# 401-3651-00L Numerical Analysis for Elliptic and Parabolic Partial Differential Equations

Semester | Autumn Semester 2020 |

Lecturers | C. Schwab |

Periodicity | yearly recurring course |

Language of instruction | English |

Comment | Course audience at ETH: 3rd year ETH BSc Mathematics and MSc Mathematics and MSc Applied Mathematics students. Other ETH-students are advised to attend the course "Numerical Methods for Partial Differential Equations" (401-0674-00L) in the CSE curriculum during the spring semester. |

Abstract | This course gives a comprehensive introduction into the numerical treatment of linear and nonlinear elliptic boundary value problems, related eigenvalue problems and linear, parabolic evolution problems. Emphasis is on theory and the foundations of numerical methods. Practical exercises include MATLAB implementations of finite element methods. |

Objective | Participants of the course should become familiar with * concepts underlying the discretization of elliptic and parabolic boundary value problems * analytical techniques for investigating the convergence of numerical methods for the approximate solution of boundary value problems * methods for the efficient solution of discrete boundary value problems * implementational aspects of the finite element method |

Content | The course will address the mathematical analysis of numerical solution methods for linear and nonlinear elliptic and parabolic partial differential equations. Functional analytic and algebraic (De Rham complex) tools will be provided. Primal, mixed and nonstandard (discontinuous Galerkin, Virtual, Trefftz) discretizations will be analyzed. Particular attention will be placed on developing mathematical foundations (Regularity, Approximation theory) for a-priori convergence rate analysis.

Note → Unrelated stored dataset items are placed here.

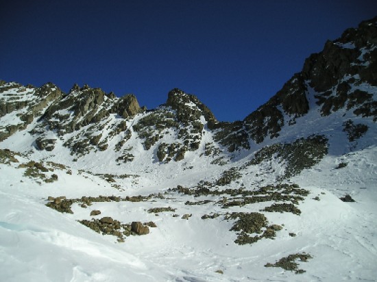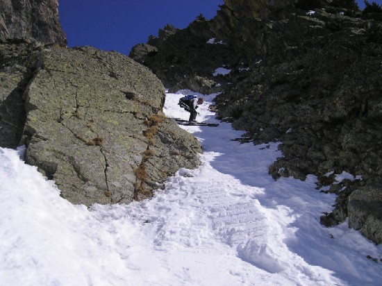 Variante de E8 pour eviter la longue montée sur le refuge Vallanta: montée par le couloir E du passo delle Sagnette: Descente à pied sur 50m du versant W en suivant le sentier d'été dans les barres puis traversée sous la face sud du viso en suivant la rive droite des lacs delle forciolline et par 2 courtes remontées on rejoint la combe NO-O entre le rocce di Viso et le bivacco Berardo. On descend cette belle combe encaissée (35-40°sur 500m) ...à pied puis à ski dès que l'enneigement le permet. Par une étroiture à 45-50°puis une traversée à droite vers 2323 (barres au dessous)on rejoint le pian Para 200m sous le refuge. Cotation: 4.1/E3-4
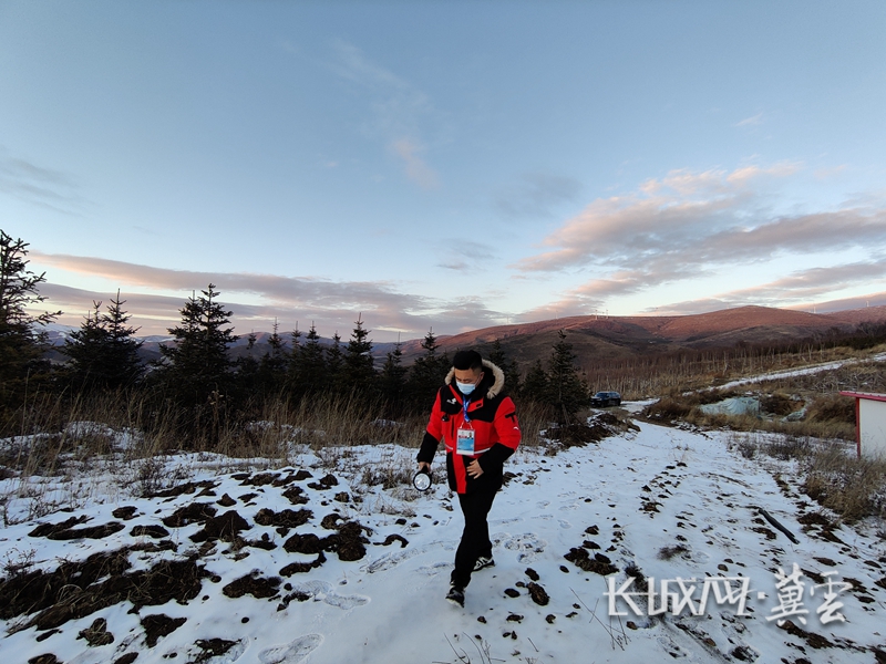 山路崎岖难行,海拔1770米的国家越野滑雪中心北侧山顶,寒风凛冽,走不了几步,脚就冻僵了。巡检团队到达山顶时,已接近黄昏,从山顶俯瞰整个古杨树场馆群,蜿蜒的雪道犹如银龙,远处的雪如意在夕阳下熠熠生辉,身后的明长城遗址也已点亮,绽放出璀璨光芒,十分壮观。
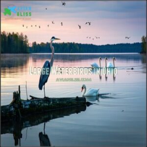 Often, near Ohio’s lakes, you’ll spot large waterbirds. These aquatic birds thrive in unique waterbird habitats.
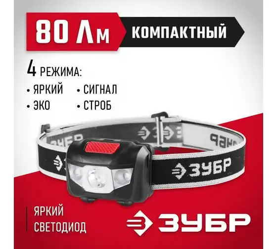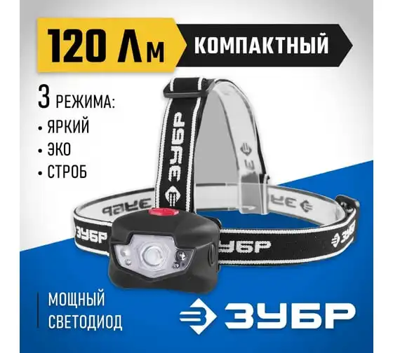 Налобный фонарь ЗУБР 3AAA, 1 Вт, +2LED 56436
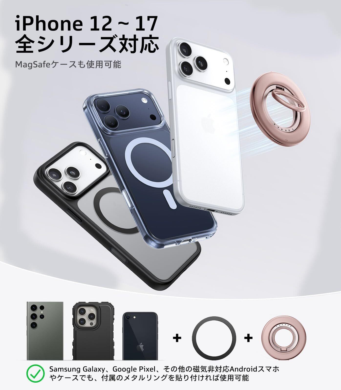 【幅広い機種に対応、付属磁力シートでさらに安心】「Ostand Dual Ring」は、For iPhone 17/16/15/14/13/12シリーズのMagSafe対応機種やケースにそのまま装着OK。For Google Pixel 9a / Samsung Galaxy S25 Ultra…MagSafe非対応のスマホやケースでも、付属の磁力シートを貼ればすぐに使えます。どのスマホでもしっかり固定できて、操作中も安心です。【】お問い合わせ方法:「注文履歴」→「注文に関する問題」→「出品者に問い合わせる」→「送信」 や 商品ページ→「販売者TORRAS Life」→「質問する」
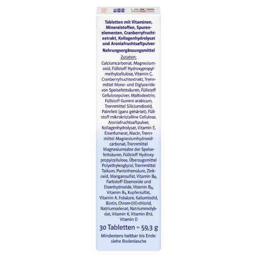 • zusätzlich mit Cranberryextrakt, Kollagenhydrolysat und Aroniasaftpulver
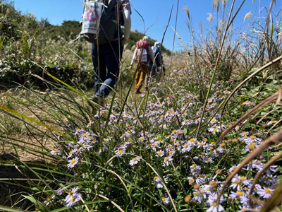 曇り空でしたが、観海アルプスから見える島々が浮かぶ景色は天草ならではと思いました。ズボンとTシャツは手作業で取れましたが、腕カバーは根っこがなかなか取れず苦戦。観海アルプス=(イコール)草チクチク。忘れられない思い出になりました。
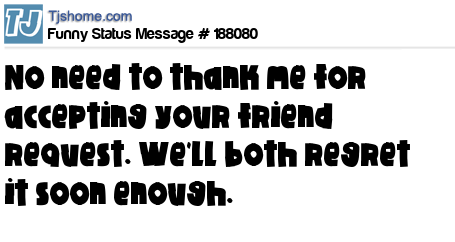 X says No need to thank me for accepting your friend request. We'll both regret it soon enough.

A-posteriori error analysis and mathematical proofs of adaptivity and optimality will be covered. Implementations for model problems in MATLAB and python will illustrate the theory. A selection of the following topics will be covered: * Elliptic boundary value problems * Galerkin discretization of linear variational problems * The primal finite element method * Mixed finite element methods * Discontinuous Galerkin Methods * Boundary element methods * Spectral methods * Adaptive finite element schemes * Singularly perturbed problems * Sparse grids * Galerkin discretization of elliptic eigenproblems * Non-linear elliptic boundary value problems * Discretization of parabolic initial boundary value problems |

Literature | SUPPLEMENTARY Literature (core material will be in lecture notes) Brenner, Susanne C.; Scott, L. Ridgway The mathematical theory of finite element methods. Third edition. Texts in Applied Mathematics, 15. Springer, New York, 2008. xviii+397 pp. A. Ern and J.L. Guermond: Theory and Practice of Finite Element Methods, Springer Applied Mathematical Sciences Vol. 159, Springer, 1st Ed. 2004, 2nd Ed. 2015. R. Verfürth: A Posteriori Error Estimation Techniques for Finite Element Methods, Oxford University Press, 2013 Additional Literature: D. Braess: Finite Elements, THIRD Ed., Cambridge Univ. Press, (2007). (Also available in German.) Brezis, Haim Functional analysis, Sobolev spaces and partial differential equations. Universitext. Springer, New York, 2011. xiv+599 pp. D. A. Di Pietro and A. Ern, Mathematical Aspects of Discontinuous Galerkin Methods, vol. 69 SMAI Mathématiques et Applications, Springer, 2012 [DOI: 10.1007/978-3-642-22980-0] V. Thomee: Galerkin Finite Element Methods for Parabolic Problems, SECOND Ed., Springer Verlag (2006). |

Prerequisites / Notice | Practical exercises based on MATLAB Former title of the course unit: Numerical Methods for Elliptic and Parabolic Partial Differential Equations |